Requirement: Using the material below, repeat exactly the lines from the one with "En nuestros cursos" through the one with "- Vacuflush head", ends included, without any images.

Material shown:

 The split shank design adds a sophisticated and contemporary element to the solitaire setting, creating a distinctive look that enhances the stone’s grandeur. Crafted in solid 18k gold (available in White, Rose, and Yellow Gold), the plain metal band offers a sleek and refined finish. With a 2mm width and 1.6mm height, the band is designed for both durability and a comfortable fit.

* * *

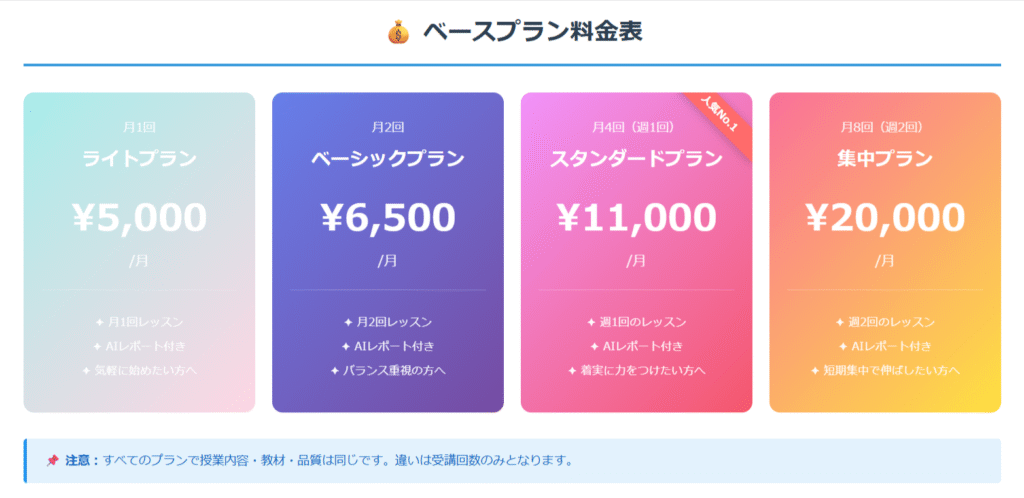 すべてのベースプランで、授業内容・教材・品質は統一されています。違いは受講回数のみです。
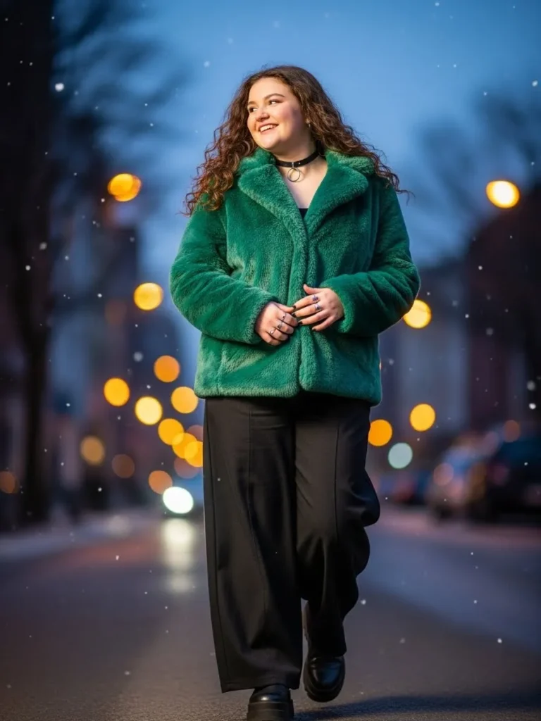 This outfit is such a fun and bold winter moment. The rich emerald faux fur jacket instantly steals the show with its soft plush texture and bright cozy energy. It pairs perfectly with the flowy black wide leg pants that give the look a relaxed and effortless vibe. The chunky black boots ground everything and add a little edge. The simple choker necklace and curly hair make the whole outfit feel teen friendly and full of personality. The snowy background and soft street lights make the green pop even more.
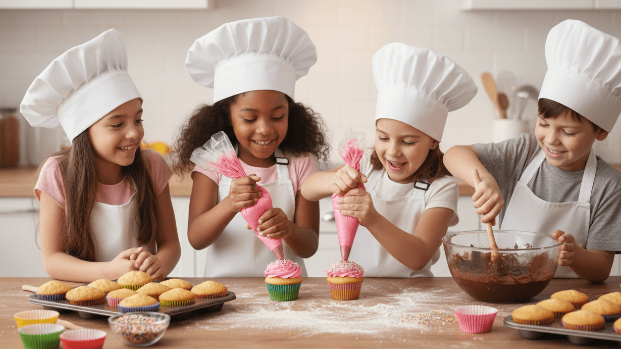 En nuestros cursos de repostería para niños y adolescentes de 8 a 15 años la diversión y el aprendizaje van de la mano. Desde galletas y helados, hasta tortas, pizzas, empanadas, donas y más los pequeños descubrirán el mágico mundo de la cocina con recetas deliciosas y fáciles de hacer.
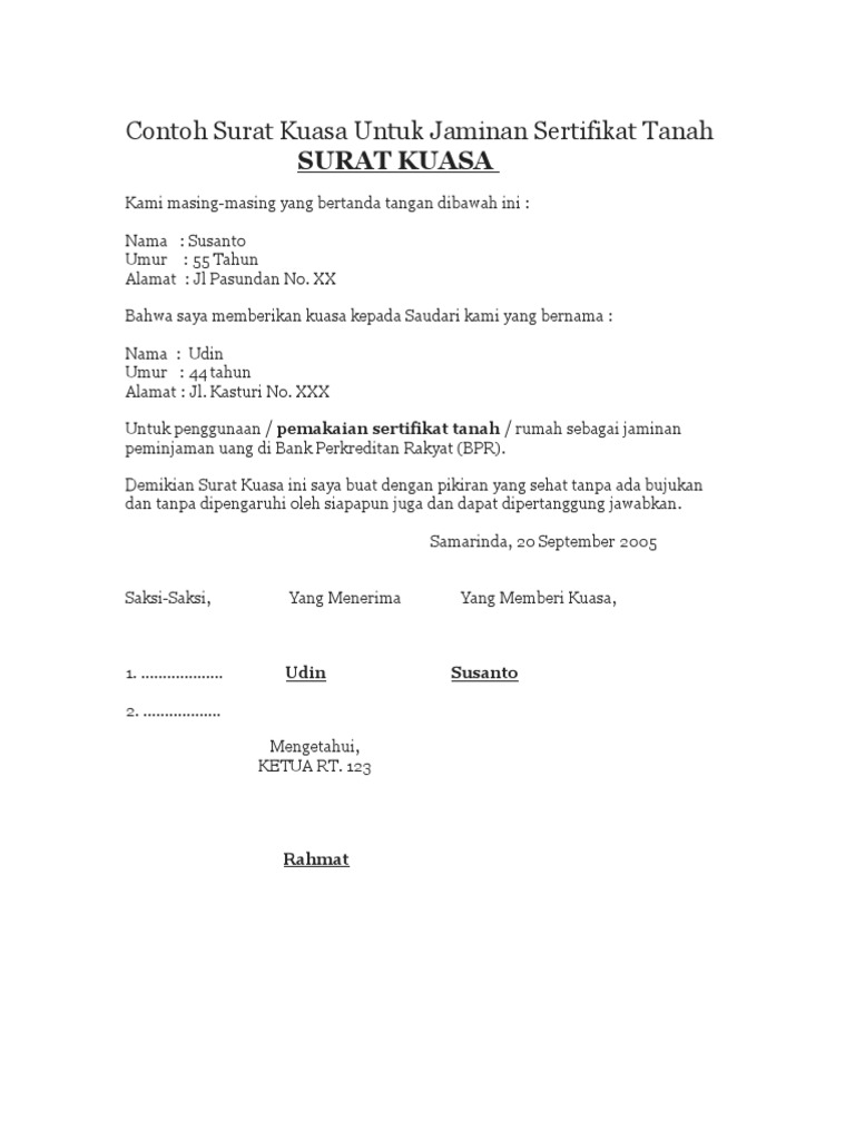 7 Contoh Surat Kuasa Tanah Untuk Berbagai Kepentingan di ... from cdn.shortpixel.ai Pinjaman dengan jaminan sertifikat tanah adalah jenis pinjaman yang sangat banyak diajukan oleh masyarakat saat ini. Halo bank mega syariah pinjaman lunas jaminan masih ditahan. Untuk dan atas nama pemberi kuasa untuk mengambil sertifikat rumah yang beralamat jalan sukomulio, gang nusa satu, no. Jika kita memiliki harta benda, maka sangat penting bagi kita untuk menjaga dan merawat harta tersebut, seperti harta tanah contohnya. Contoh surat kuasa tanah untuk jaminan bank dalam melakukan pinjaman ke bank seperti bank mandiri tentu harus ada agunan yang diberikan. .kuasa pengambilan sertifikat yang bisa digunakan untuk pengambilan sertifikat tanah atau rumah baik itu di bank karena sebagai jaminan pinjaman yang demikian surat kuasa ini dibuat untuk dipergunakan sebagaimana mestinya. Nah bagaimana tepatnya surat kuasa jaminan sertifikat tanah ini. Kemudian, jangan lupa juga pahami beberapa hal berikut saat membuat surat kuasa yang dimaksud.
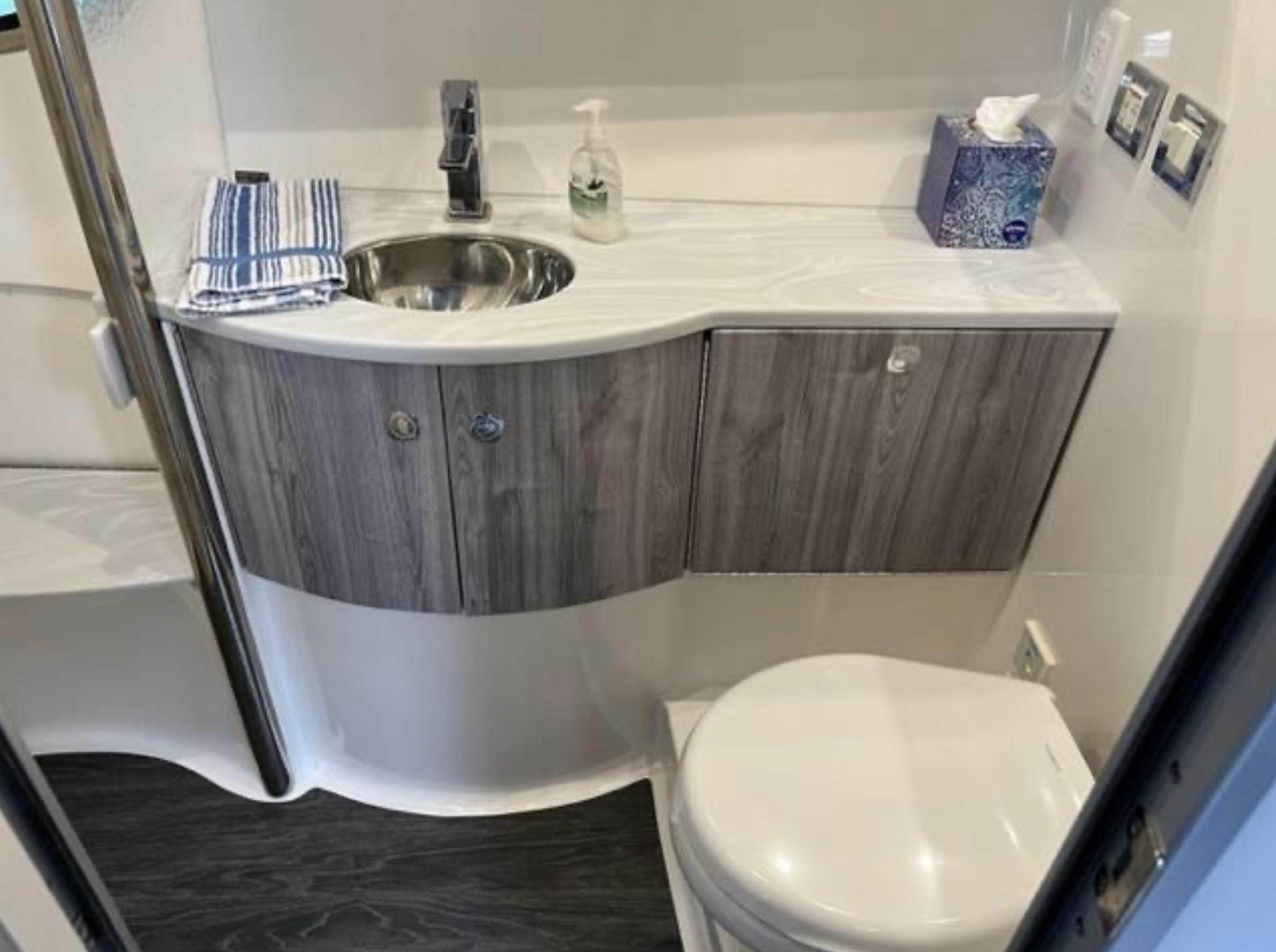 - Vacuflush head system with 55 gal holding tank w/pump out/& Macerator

The completed task:
 En nuestros cursos de repostería para niños y adolescentes de 8 a 15 años la diversión y el aprendizaje van de la mano. Desde galletas y helados, hasta tortas, pizzas, empanadas, donas y más los pequeños descubrirán el mágico mundo de la cocina con recetas deliciosas y fáciles de hacer.
 7 Contoh Surat Kuasa Tanah Untuk Berbagai Kepentingan di ... from cdn.shortpixel.ai Pinjaman dengan jaminan sertifikat tanah adalah jenis pinjaman yang sangat banyak diajukan oleh masyarakat saat ini. Halo bank mega syariah pinjaman lunas jaminan masih ditahan. Untuk dan atas nama pemberi kuasa untuk mengambil sertifikat rumah yang beralamat jalan sukomulio, gang nusa satu, no. Jika kita memiliki harta benda, maka sangat penting bagi kita untuk menjaga dan merawat harta tersebut, seperti harta tanah contohnya. Contoh surat kuasa tanah untuk jaminan bank dalam melakukan pinjaman ke bank seperti bank mandiri tentu harus ada agunan yang diberikan. .kuasa pengambilan sertifikat yang bisa digunakan untuk pengambilan sertifikat tanah atau rumah baik itu di bank karena sebagai jaminan pinjaman yang demikian surat kuasa ini dibuat untuk dipergunakan sebagaimana mestinya. Nah bagaimana tepatnya surat kuasa jaminan sertifikat tanah ini. Kemudian, jangan lupa juga pahami beberapa hal berikut saat membuat surat kuasa yang dimaksud.
 - Vacuflush head system with 55 gal holding tank w/pump out/& Macerator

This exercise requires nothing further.